Question 4 — I, II, and III format
A social media app automatically attaches metadata to every photo a user uploads. Which of the following are potential privacy concerns related to this metadata?
I. The GPS coordinates embedded in the photo could reveal the user's home address or daily location patterns.
II. The timestamp metadata could allow someone to determine when the user is typically away from home.
III. The image resolution metadata makes it easier to compress the photo and reduce its quality.
- (A) I only
- (B) I and II only
- (C) II and III only
- (D) I, II, and III
Show Answer & Explanation
Answer: B — I and II only
Statement I is true: GPS metadata embedded in photos is a well-documented privacy risk. Posting a photo taken at home reveals your home's exact location. Statement II is true: timestamps across many photos create a pattern of when and where someone is at predictable times, enabling location prediction. Statement III is false: image resolution is a technical characteristic of the image, not a privacy concern. It does not facilitate surveillance or reveal personal information. Since III is false, eliminate (C) and (D).
Question 5
A study finds that cities with more coffee shops have higher rates of college graduation. A journalist writes a headline stating: "Coffee Shops Drive Educational Achievement." Which of the following best explains why this conclusion is not supported by the data?

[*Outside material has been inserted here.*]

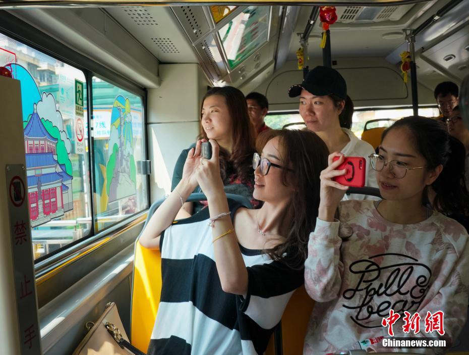 4月10日,广州首批逾450辆全新外观涂装的纯电动公交车投入运营,广州塔、纪念堂、五羊雕像等“广州元素”的窗花,把广州岭南文化的底蕴和现代化大都市的时尚气质融合一起,为羊城街头再添流动的风景线。中新社记者 黄明亮 摄

- (A) The data contains bias because coffee shop owners were not included in the study
- (B) The sample size was too small to establish a meaningful relationship between the two variables
- (C) The data shows correlation between coffee shops and graduation rates, but does not establish that one causes the other; both may be driven by a third factor such as urbanization or income level
- (D) The journalist correctly interpreted the data; high correlation is sufficient to conclude causation
Show Answer & Explanation
Answer: C
Correlation does not imply causation. Both coffee shops and college graduates tend to cluster in wealthier, more urban areas — a third variable (affluence, urban density) likely drives both trends independently. Eliminate (A): the study's coverage of coffee shop owners is not the issue. Eliminate (B): sample size is not mentioned as a problem. Eliminate (D): this is the exact misconception the question is testing — high correlation never proves causation on its own.